▶ ACTIVITY: Please give back each line of the material unchanged, but without the images.

▶ SUPPLIED DATA:
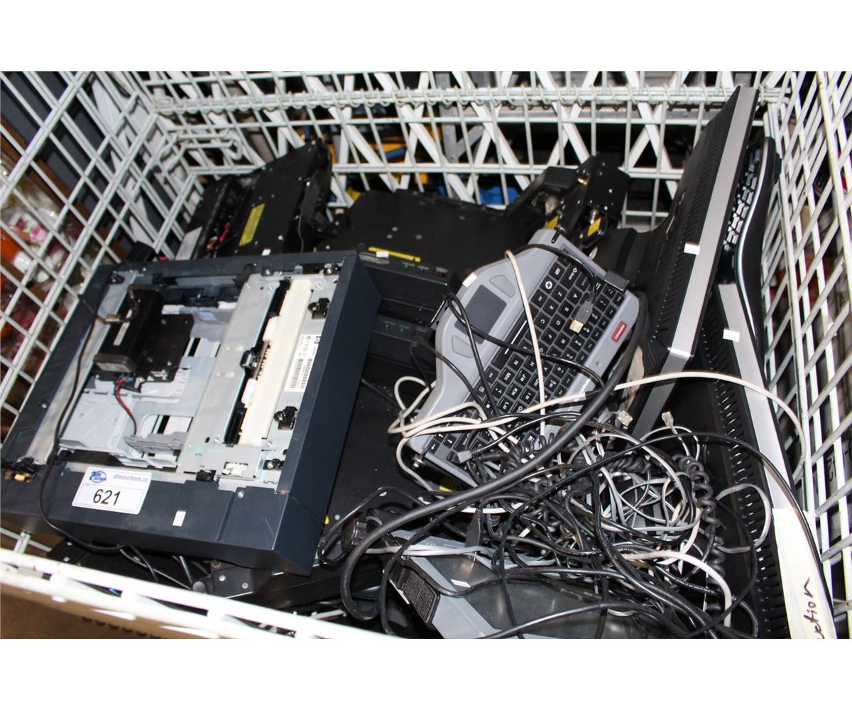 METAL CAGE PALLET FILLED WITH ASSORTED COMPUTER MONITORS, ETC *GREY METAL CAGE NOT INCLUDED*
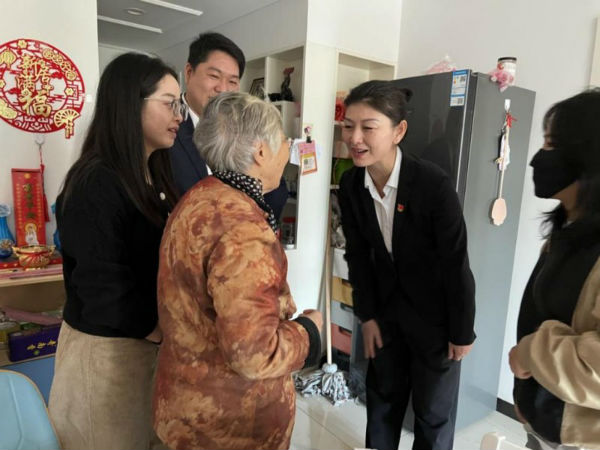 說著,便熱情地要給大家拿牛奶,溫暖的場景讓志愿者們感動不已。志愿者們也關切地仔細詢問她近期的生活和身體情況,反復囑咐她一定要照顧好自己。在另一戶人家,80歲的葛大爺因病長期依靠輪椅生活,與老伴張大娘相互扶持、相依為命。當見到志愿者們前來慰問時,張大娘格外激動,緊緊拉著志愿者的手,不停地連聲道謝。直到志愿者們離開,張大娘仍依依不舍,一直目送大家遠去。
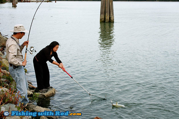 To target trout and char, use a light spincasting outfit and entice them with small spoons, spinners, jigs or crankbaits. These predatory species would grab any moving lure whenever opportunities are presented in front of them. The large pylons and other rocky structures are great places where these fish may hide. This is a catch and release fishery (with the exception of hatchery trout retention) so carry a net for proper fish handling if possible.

▶ SOLUTION FOR THIS EXERCISE:
 METAL CAGE PALLET FILLED WITH ASSORTED COMPUTER MONITORS, ETC *GREY METAL CAGE NOT INCLUDED*
 說著,便熱情地要給大家拿牛奶,溫暖的場景讓志愿者們感動不已。志愿者們也關切地仔細詢問她近期的生活和身體情況,反復囑咐她一定要照顧好自己。在另一戶人家,80歲的葛大爺因病長期依靠輪椅生活,與老伴張大娘相互扶持、相依為命。當見到志愿者們前來慰問時,張大娘格外激動,緊緊拉著志愿者的手,不停地連聲道謝。直到志愿者們離開,張大娘仍依依不舍,一直目送大家遠去。
 To target trout and char, use a light spincasting outfit and entice them with small spoons, spinners, jigs or crankbaits. These predatory species would grab any moving lure whenever opportunities are presented in front of them. The large pylons and other rocky structures are great places where these fish may hide. This is a catch and release fishery (with the exception of hatchery trout retention) so carry a net for proper fish handling if possible.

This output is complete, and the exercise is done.